Canada... oh Canada. For many months NFTRH has been noting the thick cap of resistance on the Canada dollar. For the last few it has been rising to test this resistance. On the big picture, the state of CDW (a 'commodity currency') is a bearish omen for commodities as long as it remains below resistance. There is a ton of hot air between the current level and any notable support. Inflationists better hope CDW negates resistance. Bearish.
Fellow commodity currency the Aussie is also bearish as it dwells below a thick cap of resistance. As with Canada, get above resistance and we'll change our tune. But not until.
The Swiss Franc seems to benefit in the run ups to global monetary crises owing to Switzerland's reputation as a sound money haven and sound economy. I am not sure if that reputation is as well founded as it once was, but the Swissy continues in a long-term uptrend channel (with a channel buster up in the Euro crisis). Going strictly by the chart, the XSF seems to be the best long-term bet of all the major currencies over the span of what we call the 'Age of Inflation onDemand' © (i.e. post-2000).
But wait, there is another sound currency in circulation and it is called the Indian Rupee.
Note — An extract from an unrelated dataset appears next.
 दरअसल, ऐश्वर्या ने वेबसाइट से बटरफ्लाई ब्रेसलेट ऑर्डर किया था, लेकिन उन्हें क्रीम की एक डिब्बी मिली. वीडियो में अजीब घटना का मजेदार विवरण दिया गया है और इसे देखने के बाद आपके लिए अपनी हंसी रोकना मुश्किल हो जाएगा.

This may not be considered a major currency, but it denominates a large emerging economy and most importantly, it is stewarded by a Central Banker (Raghuram Rajan) with the rarest of things, integrity. Lately Rajan has been open to easing his firm grip in the fight against inflation and he has been working with Modi. The result has been an India with a launching stock market and a still firm currency, which looks by the way, like a buy right here.
Last but never least in 'confidence paper' sweepstakes, the Japanese Yen. The chart says what it needs to say regarding resistance and support. If global liquidity becomes constrained we'd look for Yen to rise to some degree along with the USD (both being anti-markets to varying degrees, with the rest of the asset world on the other side of the trade). If a continued asset market party is to be the play, expect the Yen to tank to support. Yen is neutral at the current level.
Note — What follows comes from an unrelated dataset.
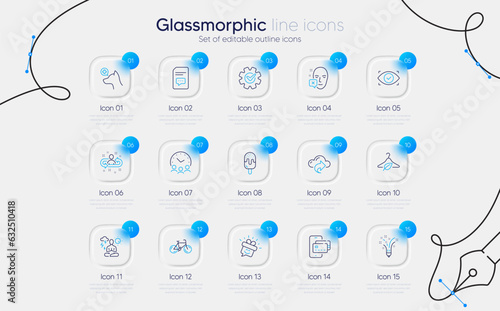 Set of Smile, Cogwheel and Ice cream line icons for web app. Comments, Biometric eye, Face declined icons. Recruitment, Slow fashion, Bicycle signs. Phone pay, Veterinary clinic, Yoga. Vector

Finally, the worst currency of them all... gold. Why this heavy metallic relic has proven useless to all those people who flooded into the supposed safe haven in refuge from the Euro crisis (a global knee jerk into gold). Various developed nations have been able to leverage their currencies to economic or at least stock market gains, after all. What has gold done? Why, it has just sat there retaining value and not only paying out nothing, but erasing the principle of the Knee Jerks and other assorted casino patrons who thought it was as easy as 'run to gold, be safe'.
It doesn't work that way. When you are holding value (in this case monetary value) you are holding something that will lose assigned value when confidence in official policy making is high (it has been since 2012) and it will gain value when the angry mobs come after the policy hacks after the magic wears off (it will).
Lecture aside, gold is trying to bottom here. The disasters that are the Middle East and Ukraine are not helping gold's case, don't fall for it. Just as the 2011 'Knee Jerks' hurt gold's investment sponsorship greatly on a large scale, the small scale panics can be damaging on a short-term basis.
But if that is a bottoming pattern, we are on a count down to a time when the most boring currency of them all starts to slowly gain respect in the eyes of rational value seekers.